Nononymous, thank you for the response. While we lived in London we visited Berlin, Freiburg (twice) and also explored the Black Forest a bit. So, nothing extensive but we did get our feet wet. While I realize it was just week long trips, we were always impressed by the beauty, culture, cleanliness of Germany. It just resonated with us.

My wife has started applying for jobs in Germany, mostly Berlin. We also have purchased software to begin learning German. We're eager to just get an opportunity and make the most of it.


----------



## ALKB (Jan 20, 2012)

Humblefish said:


> My wife & I, having previously lived in London for 3 years, would like to move to Germany. She is a data architect for a large telecom - I want to open an aquarium store. I guess what we are really wanting to do is make a new life for ourselves in Germany.
> 
> How possible is this? I know we will need to learn German, adopt to Germany ways to fully integrate into society. We are prepared to do whatever is necessary.
> 
> ...


Your situation would depend on what kind of job offer your wife gets.

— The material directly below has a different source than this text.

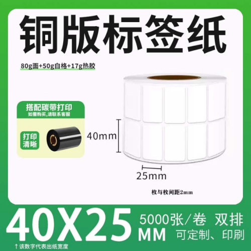 不干胶 铜版标签 空白铜版标签 白格铜版纸不干胶 40*25*5000枚/卷(2排)

If she gets a job offer that satisfies the requirements for a BlueCard, you as her dependent would have instant unrestricted access to the job market and you would both have an accelerated route to settlement (indefinite residence permit).

If she is sponsored for a regular work permit, you would not automatically be allowed to work in Germany for the first three years but you could apply for a work permit in your own right if you find a sponsor or could apply for the self-employment permit. I don't see why the authorities should kick up a fuss since you would already be living in Germany.

Apart from the job sites, you can also look through the adverts in the big newspapers. 

For Berlin that would be:

Jobbörse StepStone: Jobs und Stellenangebote

and:

Stellenmarkt Tagesspiegel


----------



## Humblefish (Jul 19, 2015)

Thank you ALKB for the information. I will put it to good use. We resume job hunting again this weekend.


----------